(RECORDS TO USE)

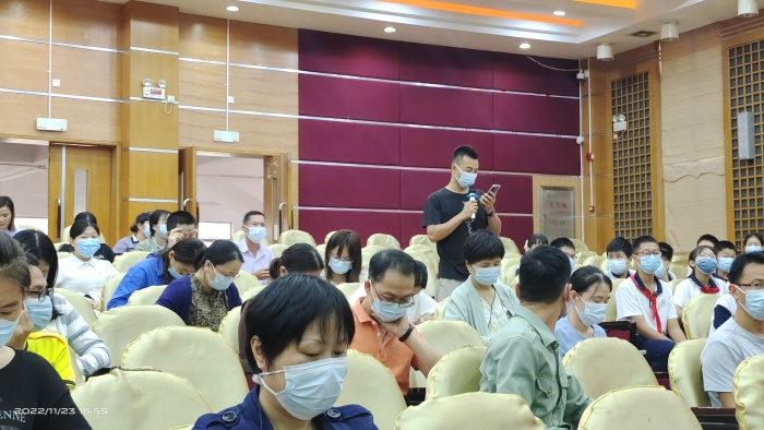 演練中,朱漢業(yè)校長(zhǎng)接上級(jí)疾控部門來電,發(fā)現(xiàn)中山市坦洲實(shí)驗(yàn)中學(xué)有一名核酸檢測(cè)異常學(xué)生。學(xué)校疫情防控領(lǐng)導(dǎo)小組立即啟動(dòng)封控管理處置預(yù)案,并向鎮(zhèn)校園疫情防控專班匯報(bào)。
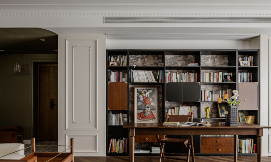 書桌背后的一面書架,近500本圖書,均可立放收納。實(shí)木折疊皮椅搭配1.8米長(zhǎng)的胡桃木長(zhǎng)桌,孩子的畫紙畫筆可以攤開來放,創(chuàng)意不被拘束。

(End RECORDS TO USE)
(RECORDS TO USE)

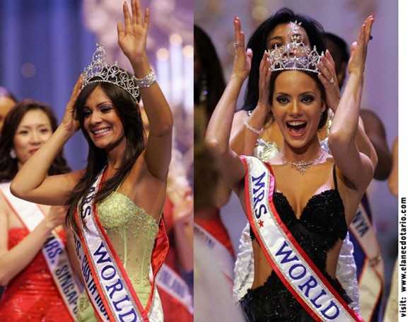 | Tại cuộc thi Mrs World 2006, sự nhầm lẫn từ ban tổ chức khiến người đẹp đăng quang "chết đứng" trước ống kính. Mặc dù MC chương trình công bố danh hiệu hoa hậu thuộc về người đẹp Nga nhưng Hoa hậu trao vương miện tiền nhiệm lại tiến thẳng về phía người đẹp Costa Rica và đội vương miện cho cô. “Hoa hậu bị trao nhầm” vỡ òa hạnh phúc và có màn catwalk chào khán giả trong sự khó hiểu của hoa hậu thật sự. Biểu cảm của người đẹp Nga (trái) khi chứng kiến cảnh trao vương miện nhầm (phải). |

(End RECORDS TO USE)

=== TASK DETAILS ===
Beginning with the line that contains "演練中,朱漢業(yè)校長(zhǎng)", write out the lines of the material above exactly, and end with the line that contains "書桌背后的一面書架,近500". Omit the pictures.

=== RESPONSE TO THE TASK ===
 演練中,朱漢業(yè)校長(zhǎng)接上級(jí)疾控部門來電,發(fā)現(xiàn)中山市坦洲實(shí)驗(yàn)中學(xué)有一名核酸檢測(cè)異常學(xué)生。學(xué)校疫情防控領(lǐng)導(dǎo)小組立即啟動(dòng)封控管理處置預(yù)案,并向鎮(zhèn)校園疫情防控專班匯報(bào)。
 書桌背后的一面書架,近500本圖書,均可立放收納。實(shí)木折疊皮椅搭配1.8米長(zhǎng)的胡桃木長(zhǎng)桌,孩子的畫紙畫筆可以攤開來放,創(chuàng)意不被拘束。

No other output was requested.